№3, 2011/Материалы и сообщения

Теоретическая история, диалектика и риторика русской литературы

История русской литературы является опорным курсом в подготовке всякого гуманитария. Преувеличить значение этого курса невозможно. На любом филологическом факультете любого российского вуза на историю русской литературы отводится максимальное количество учебных часов, и преподавание дисциплины осуществляется с той наибольшей полнотой, которую в состоянии обеспечить кадровый состав данного заведения.

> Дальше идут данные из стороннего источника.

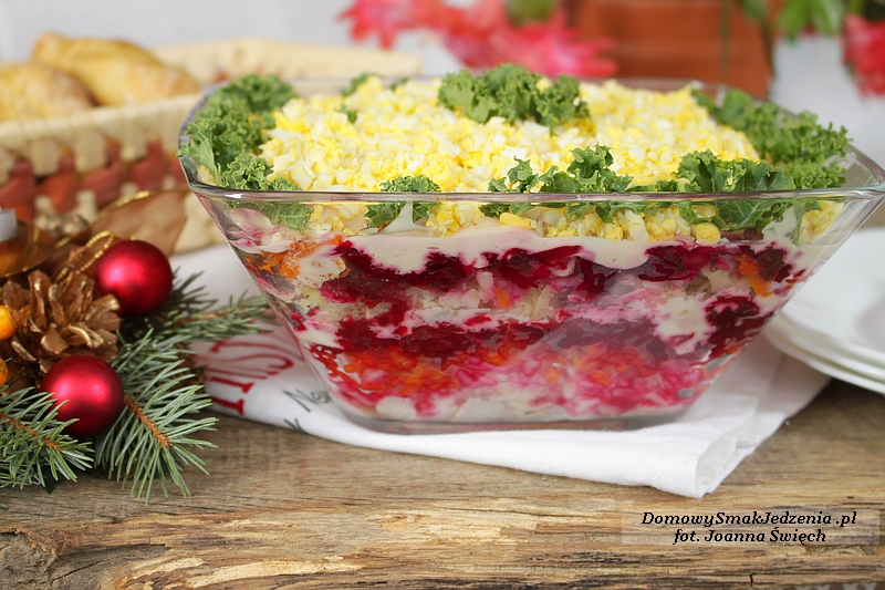 Śledzie odsączamy z nadmiaru oleju, kroimy je na mniejsze kawałeczki. Cebulę obieramy i kroimy w kosteczkę. Warzywa obieramy, ścieramy na tarce o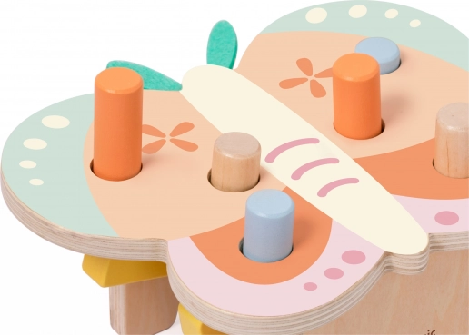 Odkrijte čar aktivne igre z leseno mizico v obliki metulja. Ta igrača spodbuja razvoj motoričnih spretnosti ter koordinacijo roka-oko s pastelnimi barvami in zabavnimi zvoki.

Тем более досадной предстает методологическая неустроенность самого курса истории русской литературы. История нуждается в периодизации. История русской литературы в этом смысле не является исключением. Но принципы, на которых осуществляется выделение периодов в ней, далеки от основательности. Как правило, периодизация привязывается к принятому членению социальной истории. В древнерусской эпохе выделяются литература Киевской Руси, литература периода феодальной раздробленности и монголо-татарского ига, литература Московского царства, литература «смутного», то есть «переходного», XVII столетия. В анамнезе периодизаций XIX века находится связь с этапами освободительного движения. Границами периодов в литературе ХХ века выступают Октябрьская революция и Великая Отечественная война.

Такой принцип не является удовлетворительным и не должен сохранять свой приоритет бесконечно. Необходимы твердые основания собственно филологического свойства, которые позволили бы представить историю русской литературы как логически сообразный, внутренне скоординированный процесс. При этом необходимо, чтобы русская литература виделась на этих основаниях как целое: и книжность Средневековья, и литература Нового времени — в их неразрывной связи и преемственности.

В настоящей статье мы предлагаем разработку таких оснований — возможно, как их вариант. Назовем сразу же те моменты, которые выступают в качестве опорных. Ниже в ходе изложения эти моменты будут раскрыты.

Первое. История литературы как целого должна носить теоретический характер: это история развития литературы.

Второе. Развитие литературы диалектично, оно есть само диалектическое становление слова, данное нам во временной протяженности.

Третье. Развитие литературы — это развитие речевой коммуникации, и на него влияют законы коммуникации, а следовательно, история литературы риторична.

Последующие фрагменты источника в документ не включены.